Graduations are everywhere. Friends, neighbors and service providers have kids who are graduating or are graduating themselves.
I notice that those with graduating teens are experiencing a graduation themselves. It's a new stage of life for parents and children both.
It feels like a new stage of life for me, too.
My illness has been my teacher. My dreams put my malaise on the same par as The Maharishi. Yesterday, I wondered if on some level I needed and chose to be unwell in order to remake my life on the deepest level.
My first question is, what does my illness want me to learn? What have the teachings and gifts from it been?
That list is long. I came up with most of the items on my list by using the phrase:
- Because I'm sick, I get to...
So just to name a few, I get to get new clothes that fit me physically and personally. I get to drop my superwoman personna that had me doing more and carrying loads that wore me out. I get to be human. I get to spend time cooking, learning about herbs, and developing my kitchen alchemy. I get to speak a deeper level of truth with Bob, even when it's hard for him to hear. I get to stop supporting Bob in ways that deplete me. The list goes on.
My second question is, can I live these teachings and receive these gifts without needing to be sick?

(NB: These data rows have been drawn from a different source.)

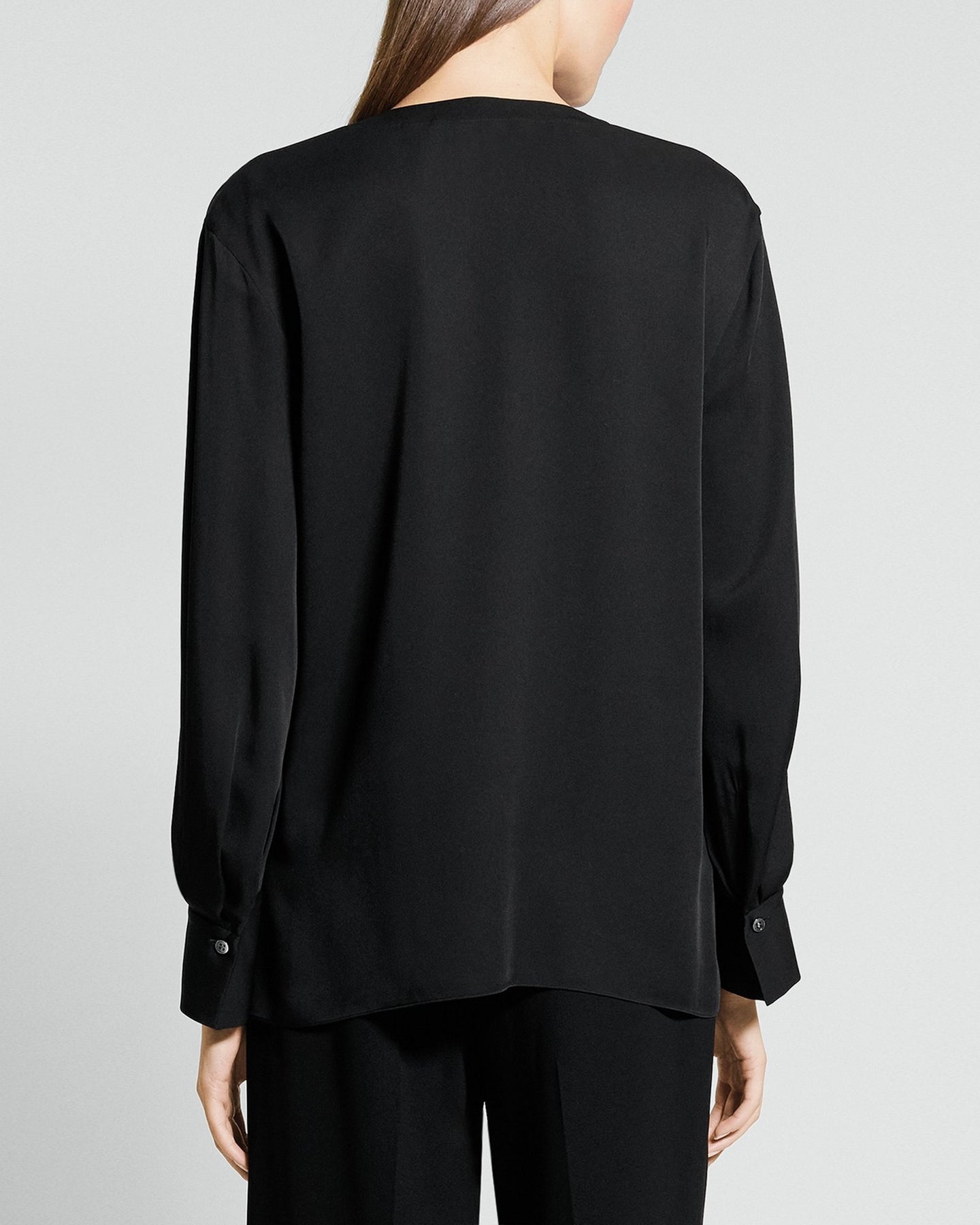 Defined by a sharp V-neckline, this blouse offers a relaxed fit with dropped shoulders and long, voluminous sleeves finished with button cuffs. Hidden button-front closures provide a streamlined look. Crafted from airy silk georgette certified by OEKO-TEX® MADE IN GREEN, it's produced without harmful chemicals in environmentally and socially responsible facilities. Weightless and effortless.
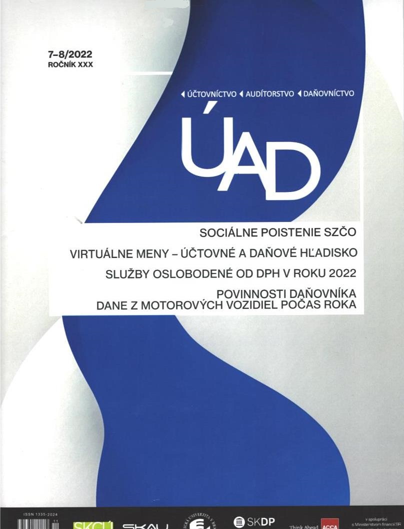 2022 ,č. 7-8. Účtovníctvo - audítorstvo - daňovníctvo : v teórii a praxi. Bratislava : Slovenská komora certifikovaných účtovníkov, 2022. ISSN 1335-2024 [Počet ex. : 2, z toho voľných 0, prezenčne 2]
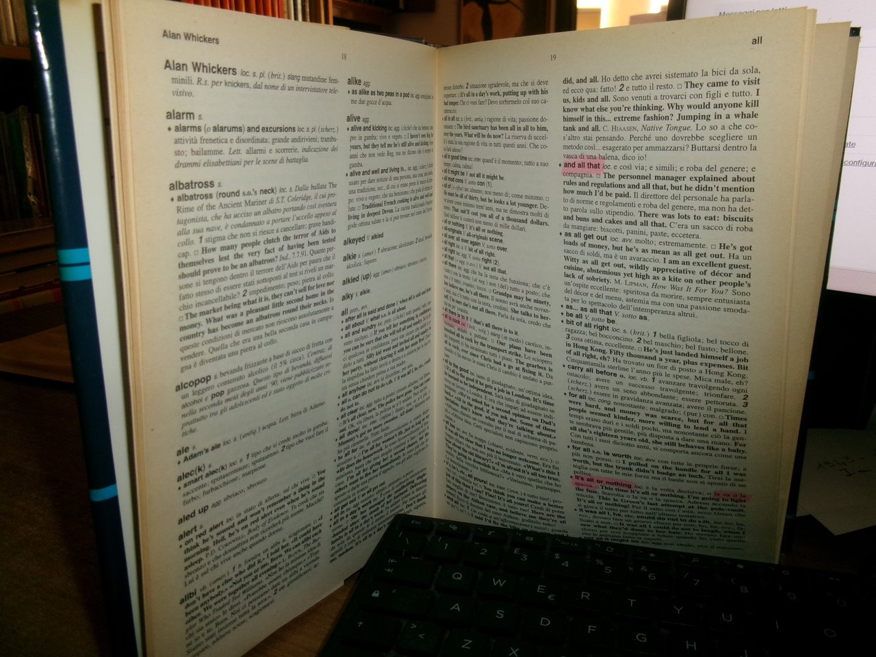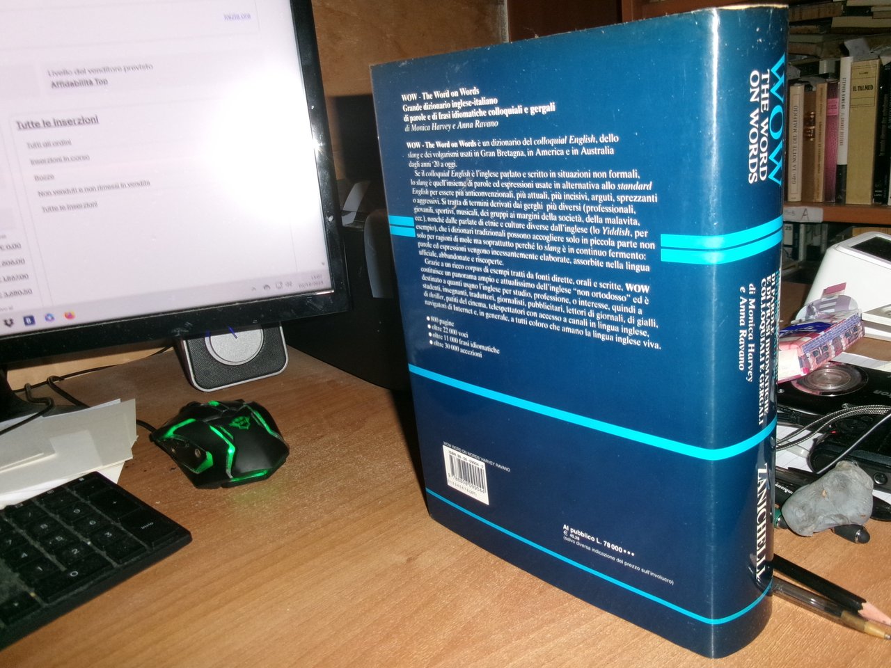 di Monica Harvey e Anna Ravano. Bologna, Zanichelli, 1999. WOW The Word on Words Grande Dizionario Inglese Italiano di parole e di frasi idiomatiche colloquiali e gergali. In-8°, similpelle bleu con sovracopertina. 800 pp. Libro usato con tagli leggermente ingialliti, evidenziature in colore rosa in poche pagine. Neg. mob. 18
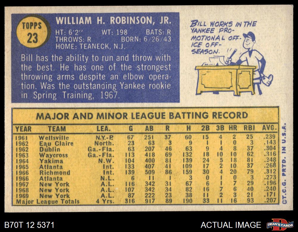 1970 Topps #23 Bill Robinson 6.5 - EX/MT+
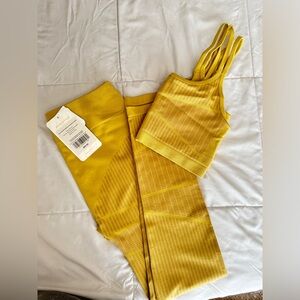 Mustard workout set. Size large/10. Fabletics High-Waisted Seamless legging.
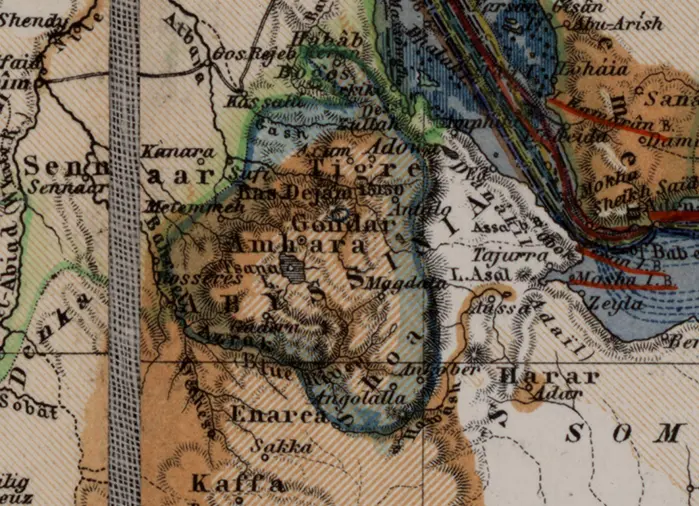 Bild: Abessinien, Ausschnitt aus: Hermann Berghaus, Chart of the World, 6. Auflage, Gotha: Justus Perthes 1871 © Forschungsbibliothek Gotha der Universität Erfurt.

One phrase for that question is:
- I don't need to be sick to...
If I consciously choose to live the teachings of my illness, I think it would unravel anything I might be doing unconsciously that prolongs the illness.
Have I graduated? I don't know, but it sure feels like I have. But like all graduations, it's really just the beginning.
Happy graduation season to you and yours. May your transitions be liberating.